La nouvelle législation maintient le système actuel qui contraint la Commission à ouvrir le territoire européen aux importations d'OGM en l'absence de majorité de blocage des États, si l'Agence de sécurité alimentaire conclut qu'ils sont sans risque. Mais elle introduit la possibilité pour les États de refuser l'utilisation d'OGM sur leur territoire, s'ils peuvent invoquer « des motifs légitimes ». L'UE a avalisé le mois dernier une réforme similaire pour l'autorisation des cultures OGM.
La proposition doit encore être négociée entre les États et le Parlement européen.
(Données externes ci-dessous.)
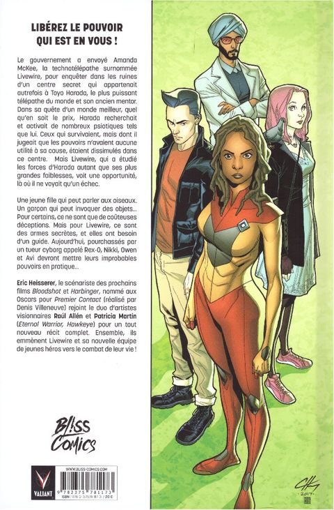Le gouvernement a envoyé Amanda McKee, la technotélépathe surnommée Livewire, pour enquêter dans les ruines d’un centre secret qui appartenait autrefois à Toyo Harada, le plus puissant télépathe du monde et son ancien mentor. Dans sa quête d’un monde meilleur, quel qu’en soit le prix, Harada recherchait et activait de nombreux psiotiques tels que lui. Ceux qui survivaient, mais dont il jugeait que les pouvoirs n’avaient aucune utilité à sa cause, étaient dissimulés dans ce centre. Mais Livewire, qui a étudié les forces d’Harada autant que ses plus grandes faiblesses, voit une opportunité, là où il ne voyait qu’un échec. Une jeune fille qui peut parler aux oiseaux. Un garçon qui peut faire apparaître des objets inanimés… pour certains, ce ne sont que de coûteuses déceptions. Mais pour Livewire, ce sont des armes secrètes, et elles ont besoin d’un guide. Aujourd’hui, pourchassés par un tueur cyborg appelé Rex-O, Nikki, Owen et Avi devront mettre leurs improbables pouvoirs en pratique… Eric Heisserer, le scénariste des prochains films Bloodshot et Harbinger, nommé aux Oscars pour Premier Contact (réalisé par Denis Villeneuve) rejoint le duo d’artistes visionnaires Raúl Allén et Patricia Martín (Eternal Warrior) pour un tout nouveau récit complet. Ensemble, ils emmènent Livewire et sa nouvelle équipe de jeunes héros vers le combat de leur vie !
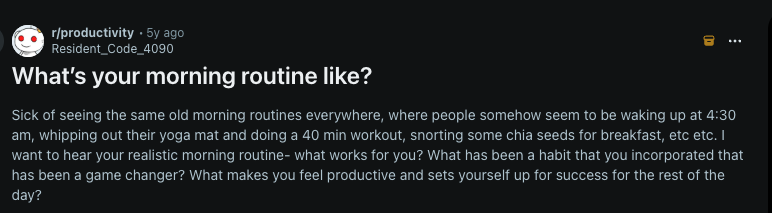 This morning, I landed on a 5 year old reddit page asking folks to report out on their morning routine -
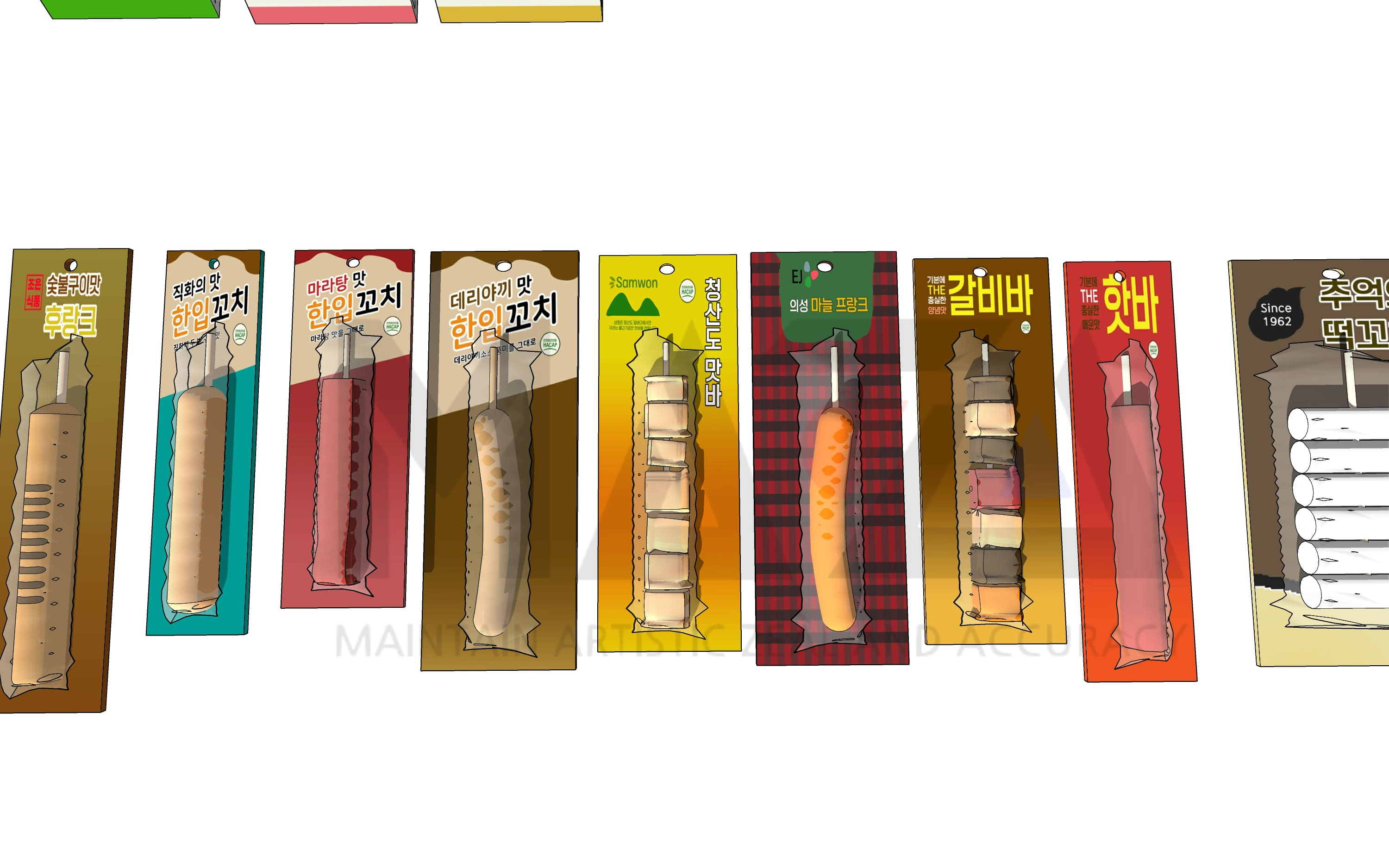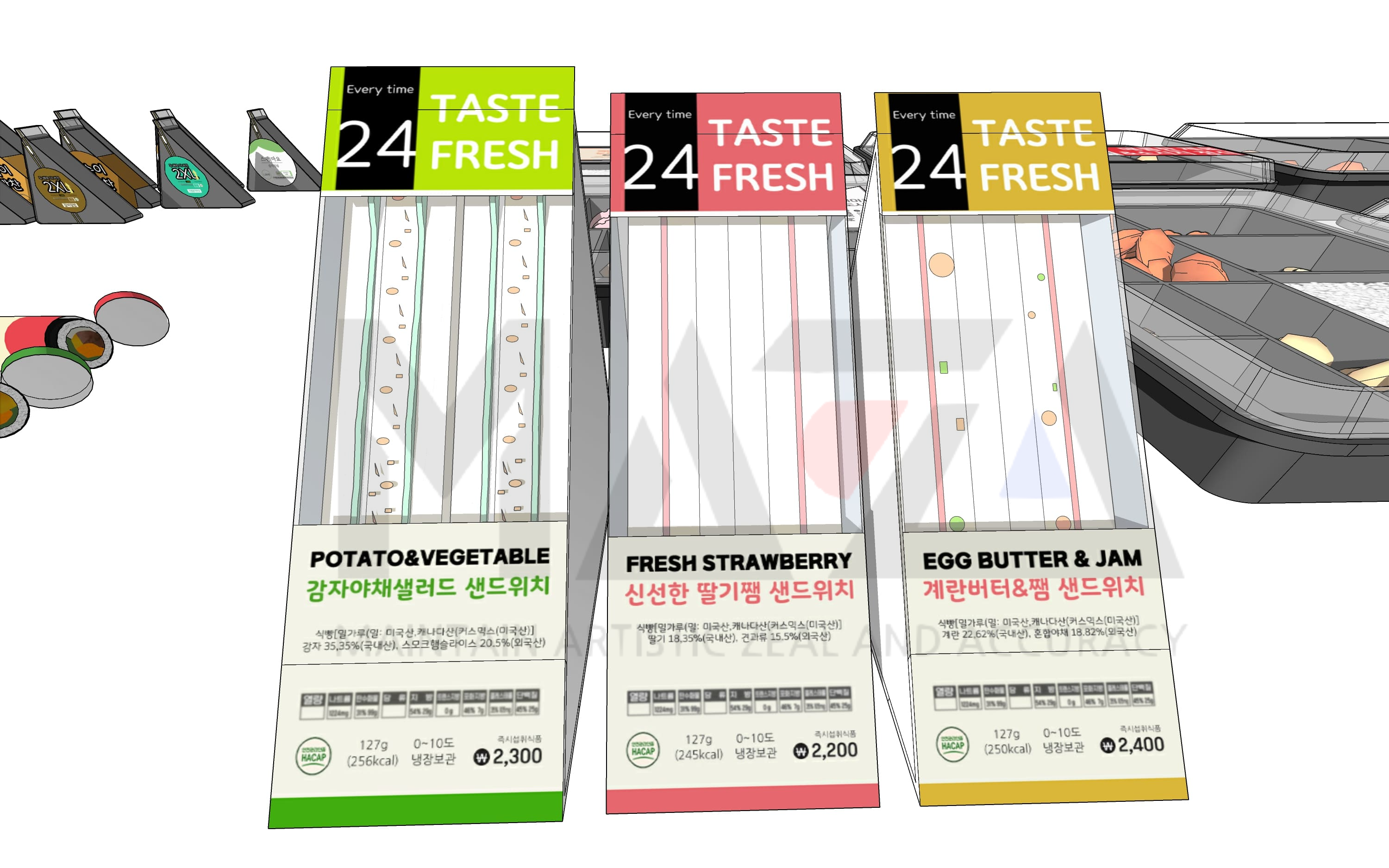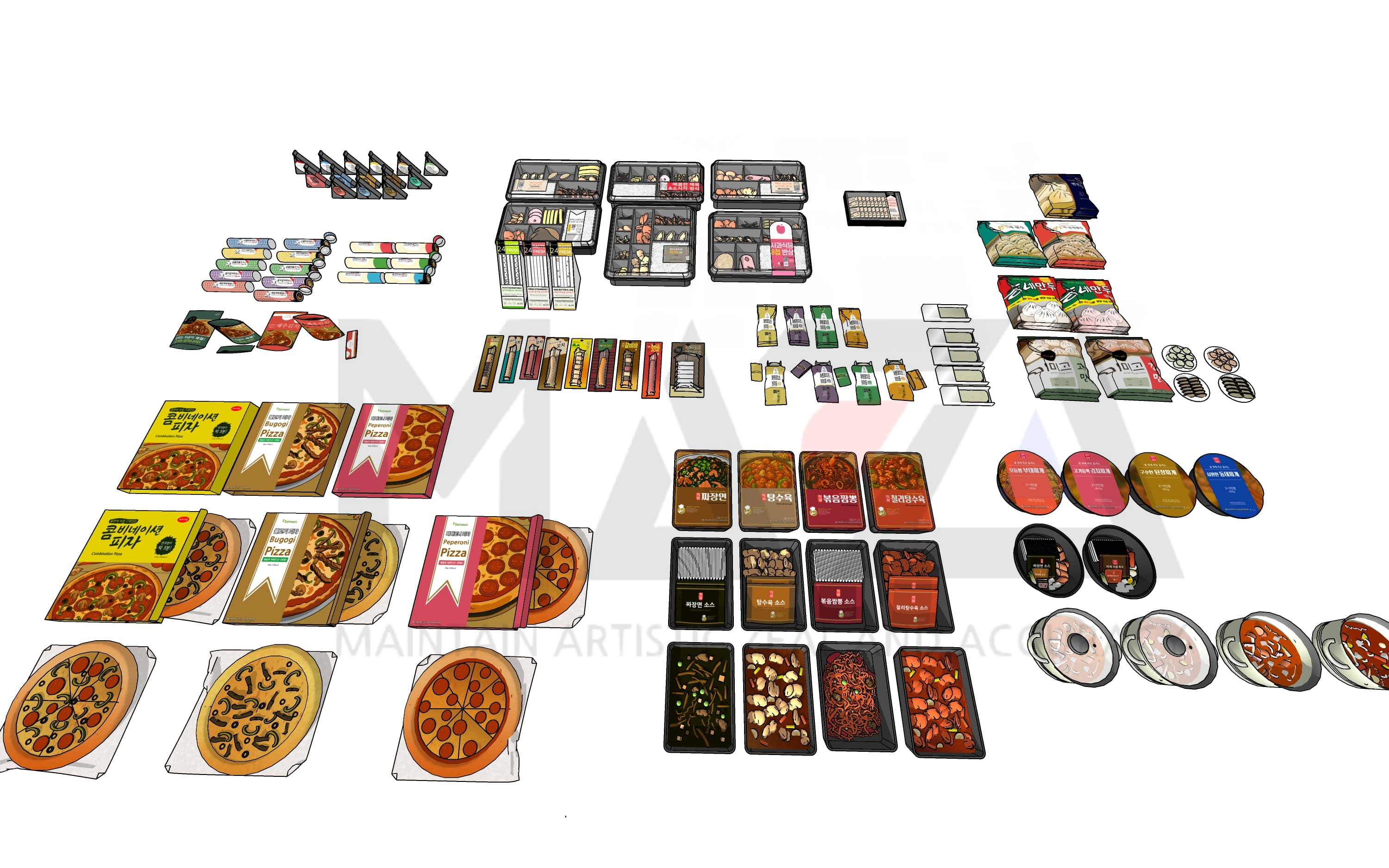 이번에 제작한 [편의점 냉동 인스턴트 식품 11종] 배경 소품은 우리가 편의점에서 흔히 사 먹는 냉동식품과 인스턴트 식품들을 소품으로 만들어놓은 스케치업 배경 세트입니다. 이미 실력 좋으신 다른 배경작가 분들께서 편의점 배경 외에도 라면이나 주류,음료등 편의점에서 파는 식품들을 웹툰용 소품으로 만들어 놓으셨지만, 반면 냉동식품이나 기타 다른 인스턴트 식품에 대한 웹툰 배경 소품은 잘 없어 보여 디자이너 마자가 직접 제작하게 되었습니다.
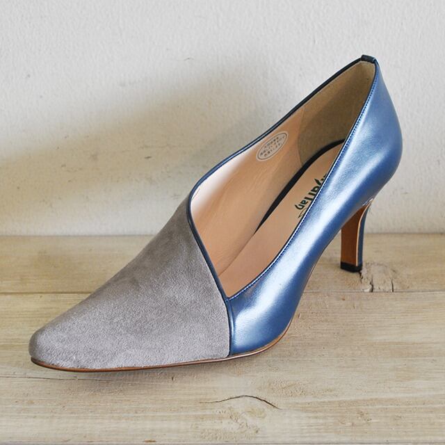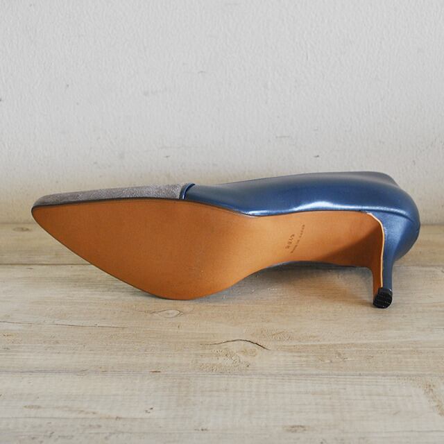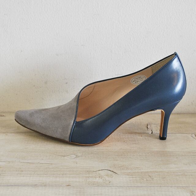 袋状の縫製が優しく足を包みこんでくれるボロネーゼ製法のパンプス。独特のカットラインとスエード×スムースのコンビが存在感あるタイプです。7cmヒールが脚をすっきりと見せてくれるので、スカートでもパンツでも合わせやすいです。ブーティーのように甲部分が隠れるデザインです。
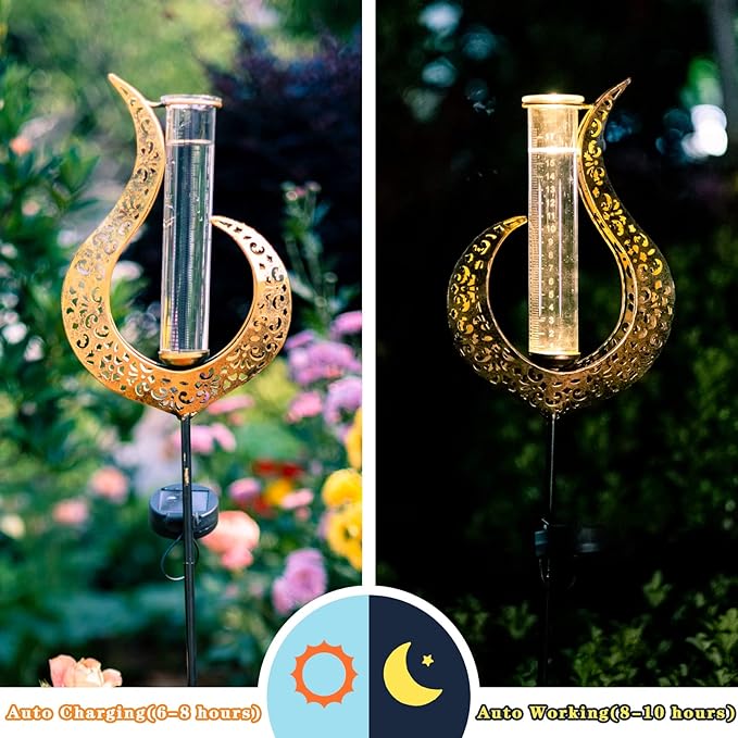 Auto-on Solar Light:This solar rain gauge is eqquiped with high-efficiency solar panel, during the day, the solar panel absorb sunlight for charging. At dusk, LED light automatically turns on, illuminating your yard and garden
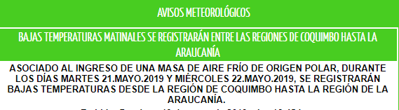 Este martes (21 mayo) y miércoles (22 mayo) habrá temperaturas bajo cero al interior entre las regiones de Coquimbo y La Araucanía. Esto debido a “una masa de aire frío de origen polar”, advierte la Dirección Meteorológica de Chile.
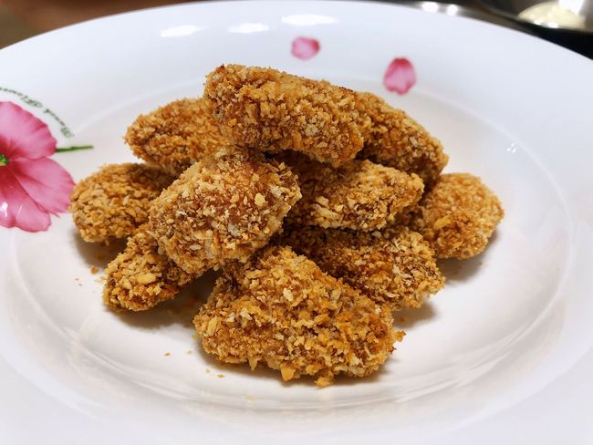 配方:鸡胸肉,鸡蛋,淀粉,胡椒粉
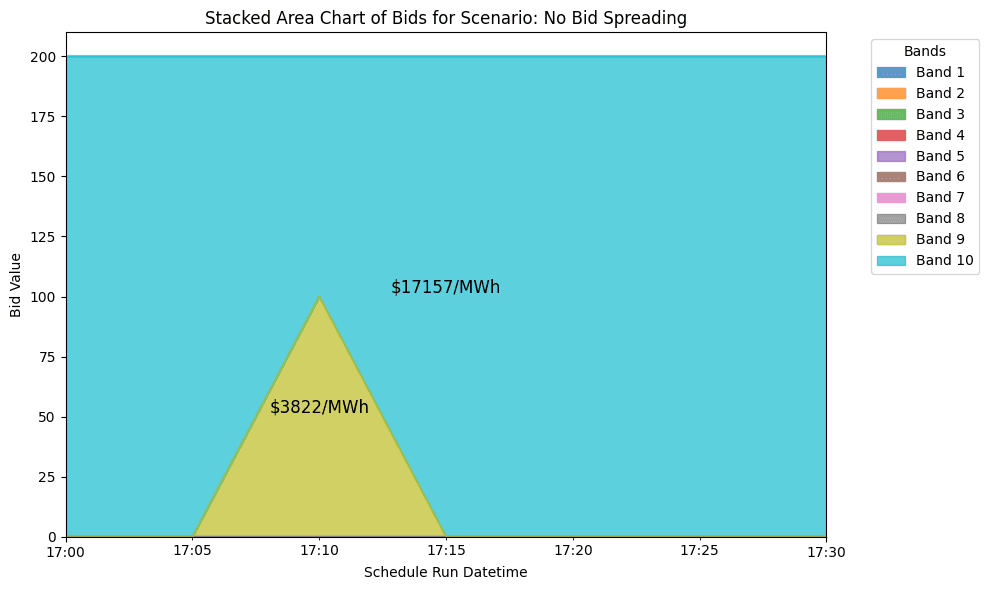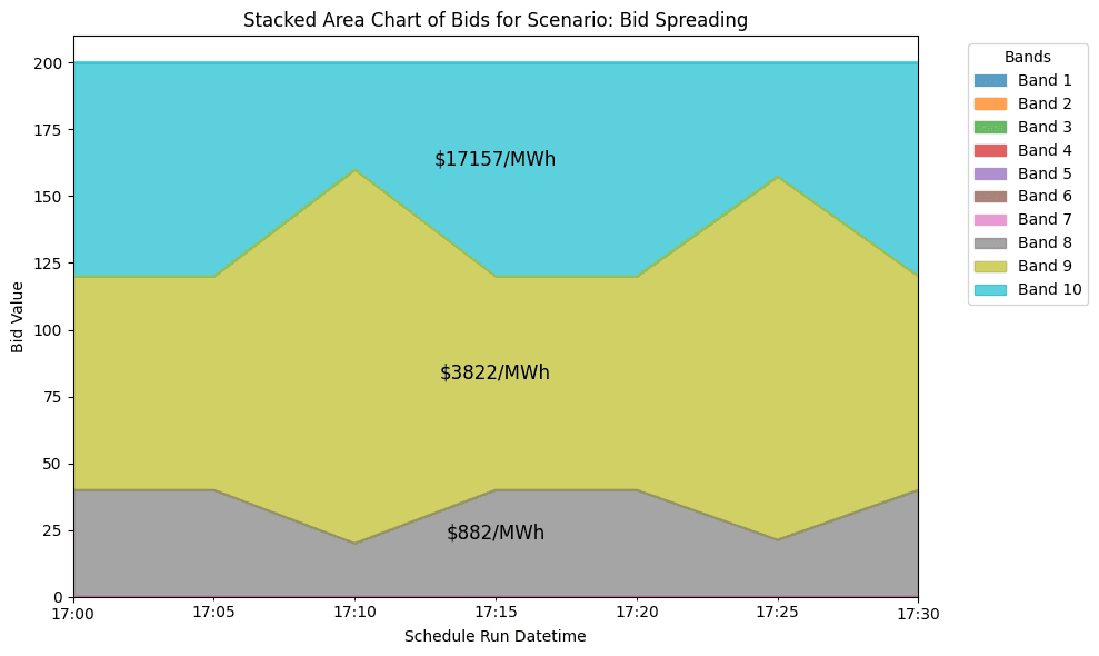 Every dispatch interval (now 5-minute settlement), participants submit price–quantity offers across 10 price bands per unit for each market product, energy, and Frequency Control Ancillary Service (FCAS). Bands must be monotonically increasing and can be updated in the Day-Ahead, consistent with the market rules (Australian Energy Regulator (AER), AEMO). Bands remain fixed for real-time rebidding across the full trading day (4am to 4am), so setting the right price bands for the next day is an important step for market participants.
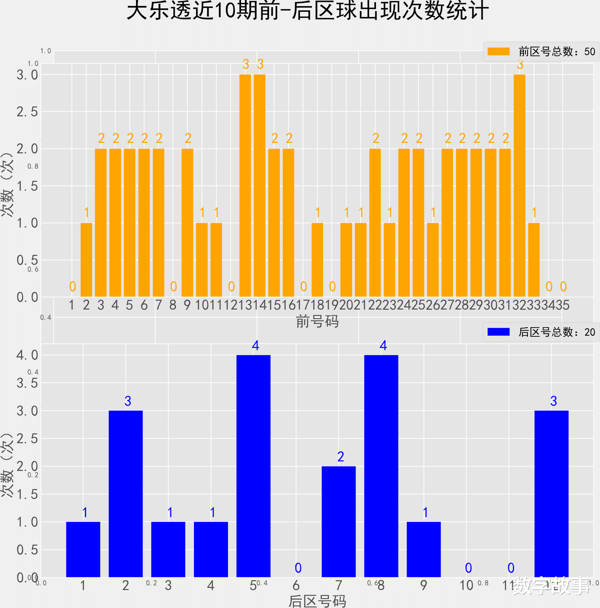 大乐透近10期前后区号统计情况统计样本数据: 50个前区号码 20个后区号码
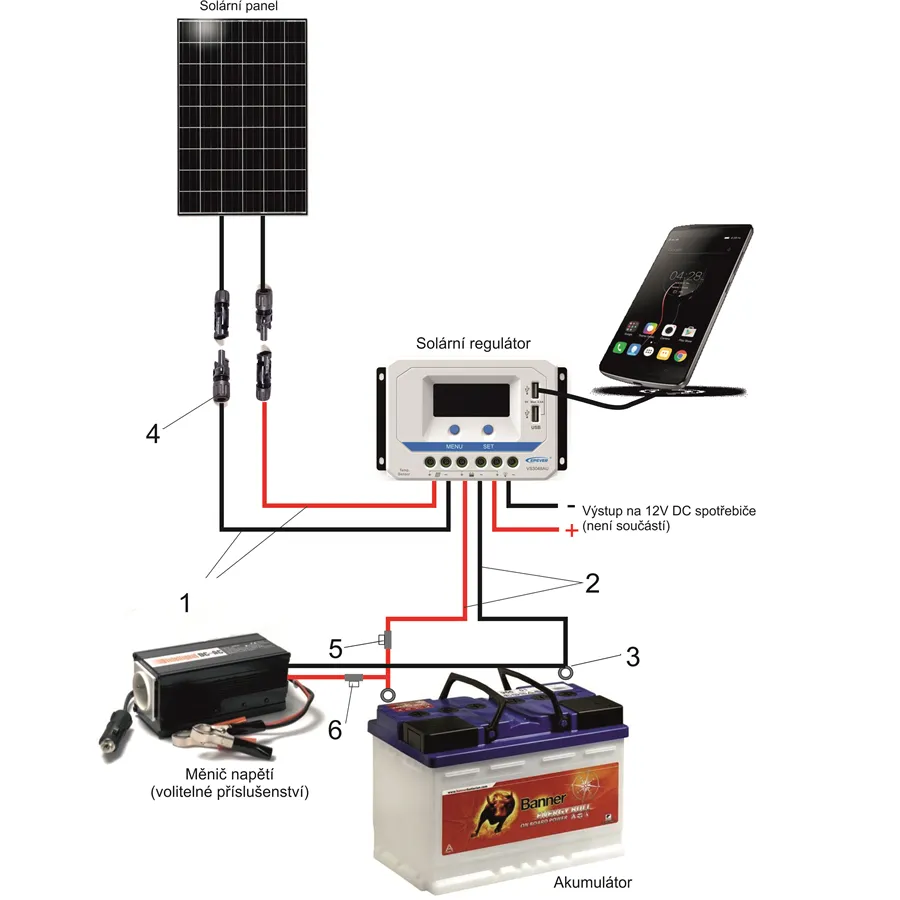 - Ochrana proti přepólování připojení solárních panelů a baterie.
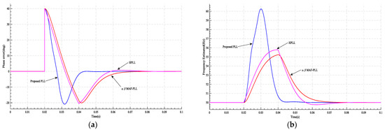 Figure 9. The results of case 1 at and at t = 0.02 s: (a) PLL’s phase error: (b) the frequency estimated by PLL.
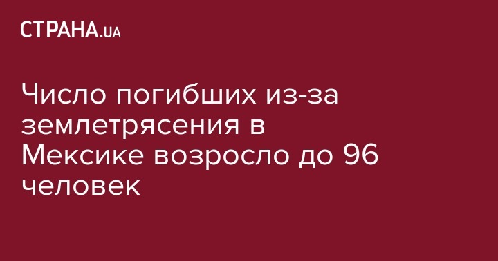 Число погибших в результате землетрясения, которое произошло на прошлой неделе вблизи берегов Мексики выросло до 96 человек, передает агентство Associated Press.
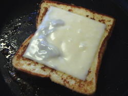 - フレンチトーストの片面が焼けたら、スライスチーズを乗せ、蓋をして焼きます。

En vertu des règles actuelles, 58 OGM ont reçu l'autorisation d'importation dans l'UE, essentiellement pour l'alimentation animale. A chaque fois, l'exécutif européen a dû trancher, même en trainant les pieds, faute de consensus au sein des États (environ 40 % pour, 35 % contre et 25 % abstentionnistes).
Un texte contesté de toutes parts
Mais le texte proposé par Bruxelles fait l'unanimité contre lui. Ainsi, cinq organisations environnementales, dont Greenpeace et les Amis de la Terre, ont dénoncé ce projet comme une violation des engagements pris par M. Juncker pour une gestion plus démocratique de la question. Greenpeace a pointé le risque « de sacrifier les intérêts des Européens sur l'autel de l'accord de libre-échange avec les États-Unis ».
De son côté, la Biotech Crops Alliance a dénoncé, au nom des producteurs américains, une « fragmentation » du marché unique, laissant planer la menace de recours devant l'Organisation mondiale du commerce (OMC). « L'administration américaine a fait tous les étages à Bruxelles contre le projet », a confié à l'AFP une source proche du dossier.
Quatorze associations représentant l'agro-industrie européenne, dont le Copa-Cogeca, principal lobby agricole de l'UE, se sont opposées à toute « renationalisation », au vu de la dépendance de l'élevage européen envers le fourrage OGM.
La question divise au sein même de la Commission, même si M. Juncker « a choisi de passer en force pour se débarrasser de la patate chaude », selon la même source. Les commissaires socialistes français, Pierre Moscovici, et maltais, Karmenu Vella, jugent que le projet ne donne pas assez de garanties juridiques aux États choisissant de bannir l'utilisation des OGM, a-t-elle précisé. En face, la libérale suédoise Cécilia Malmström, chargée du Commerce, et le conservateur allemand Günther Oettinger, sont contre toute possibilité d'exemption pour les États.